Understanding the Data

Big data, open data, metadata, data analysis, data visualisation, data this, data that, data everything. These may not traditionally constitute phrases instinctively associated with journalism but in the last few years, a revolution in journalism has been taking place. Data journalism is all the rage. Dare I say it, it is on its way to becoming – wait for it – mainstream.

Websites and tools making it easier to find, share, work with, analyse and visualise data online are springing up left, right and centre. (Data journalism expert and author Paul Bradshaw offers a comprehensive series of blog posts on the various aspects of data journalism here  – follow the link at the bottom of each post to see the next part).

Websites offering tutorials, online courses and an endless list of resources on data journalism have risen to prominence of late. In the last 18 months alone, three ebooks introducing the world of data journalism have been published and data journalism even has its own hashtag – a true sign that something has gone big – #ddj. Of course, Tim Berners-Lee did see this coming, so who is going to argue with the guy who invented the world wide web? Certainly not me.

Looking beyond the slick new tools that one can use to find, analyse and produce a strikingly visually beautiful dataset in no time, it is essential to take a step back first.

The most important part of making data journalism work, and what has been one of the main pitfalls within traditional journalism, is understanding the data itself. To be in a position to analyse data, journalists need to know what each figure represents and how it was calculated. The way data has been collected and calculated in its rawest form will impact on its reliability and what conclusions can be drawn from it.
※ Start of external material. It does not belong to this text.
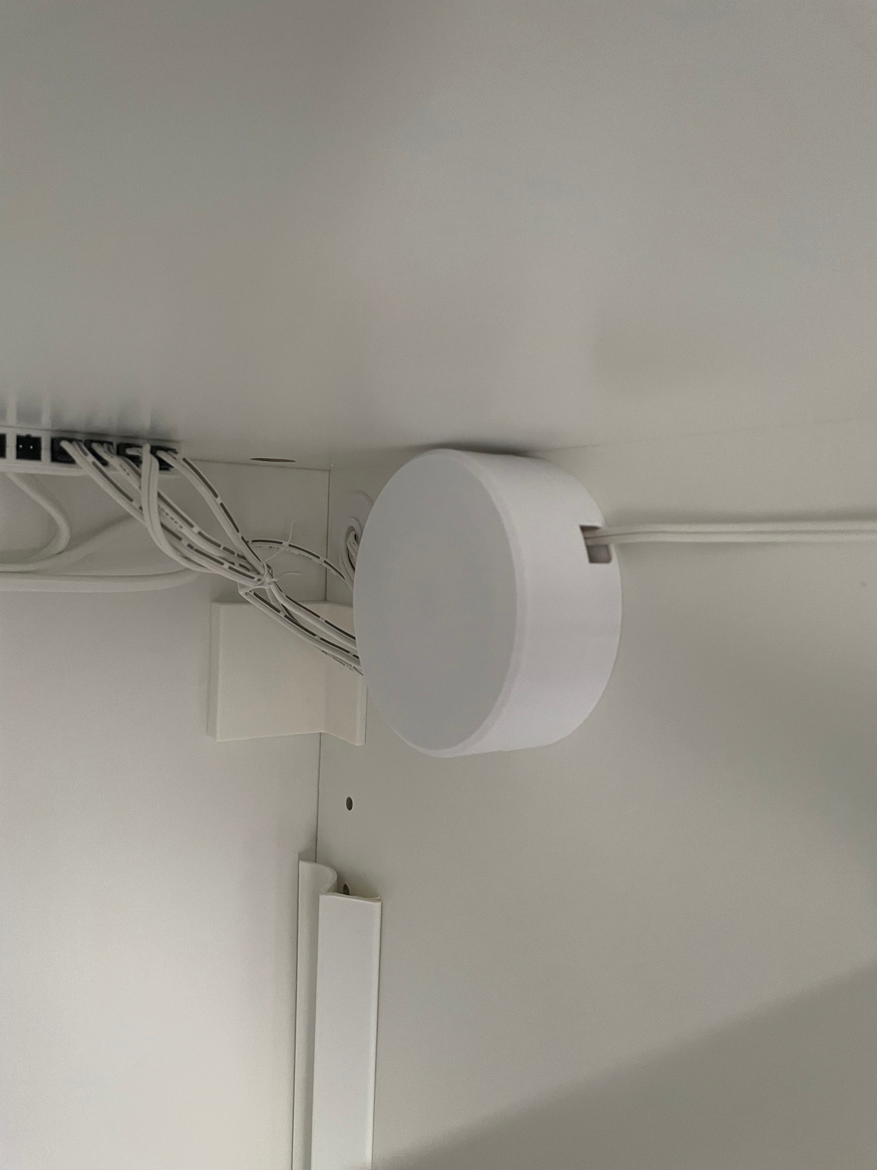Ronde kabelgoot voor permanente installatie. Dit product heeft een gat in het midden van de basis zodat het aan een muur kan worden bevestigd.
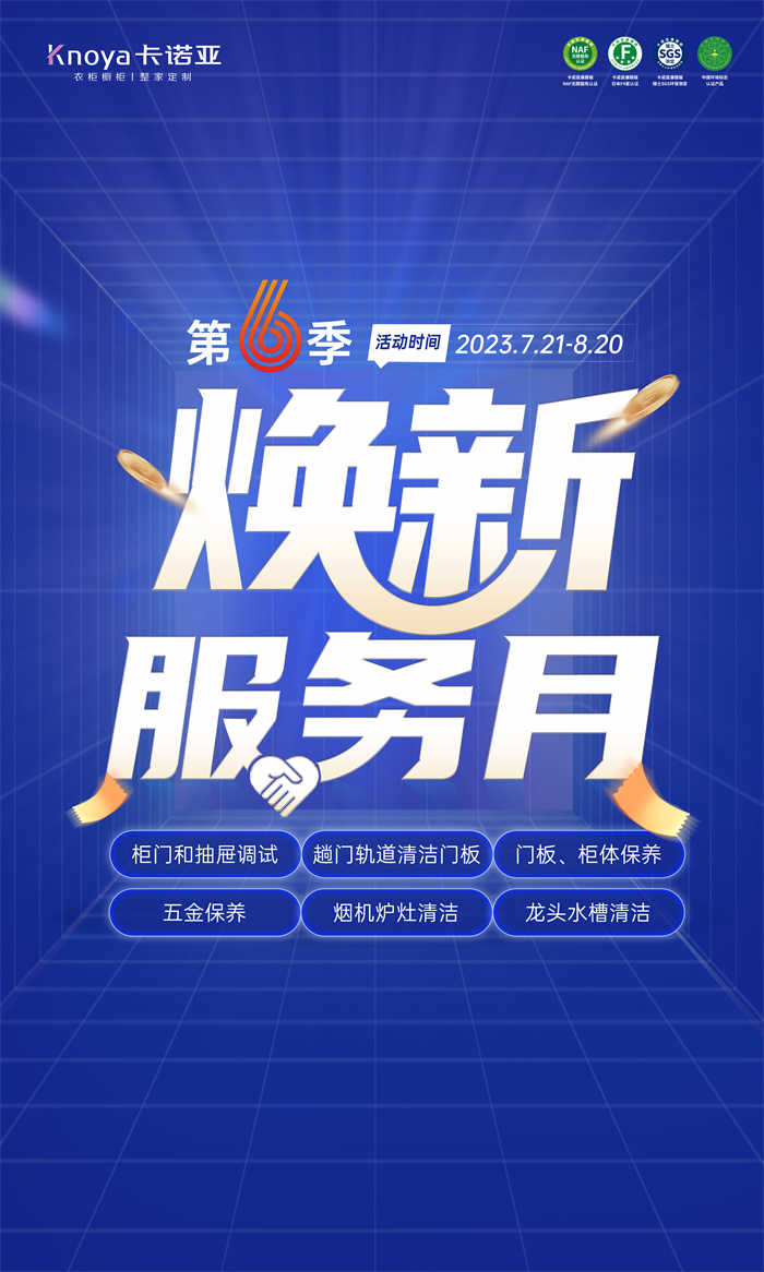 本次煥新服務月,不但有感恩回饋新老客戶專享煥新服務活動的各項鉅惠,同時針對老客戶,除了常規的上門維護保養服務之外,如果老客戶家里需要煥新,包括五金升級更換、配套家品更新、衣柜護墻更換等,還有推薦新客戶,均可獨享3大煥新專屬優惠活動和各種福利。

Is the average the mean, median or mode? They can be used interchangeably and to suit the argument that accompanies a report. Are there any differences to how the data we were comparing it with was collected? Is it a different survey that used different sampling techniques and thus risks skewing our data?

Last week I read Darrell Huff’s ‘How to Lie with Statistics’, a short yet timeless classic that examines all the possible misuses of data, whether indented or unintended. At the end, Huff sets five key criteria journalists need to take into account when working with data, what he calls the “five simple questions” that may have been written half a century ago, but these still hold true for modern data journalists.

1)   Who says so?

2)   How does he know?

3)   What’s missing?

4)   Did somebody change the subject?

5)   Does it make sense?

Not all these questions will apply to every dataset that newsrooms or journalists will have access to, but essentially questioning the data and its ‘background’ so to speak, is paramount.

Stopping and thinking why a particular anomaly is present in the data, or whether the data actually makes sense is something probably not done enough within the media, at least when talking about the UK, but this probably extends further.

To use an example from last month, data obtained by the Huffington Post UK through a Freedom of Information request showed nearly 300,000 “attempts to access websites categorised as pornography” made from computers within the UK Parliament in the past year, official records show. Many newspapers went with the statistic of 820 attempts per day.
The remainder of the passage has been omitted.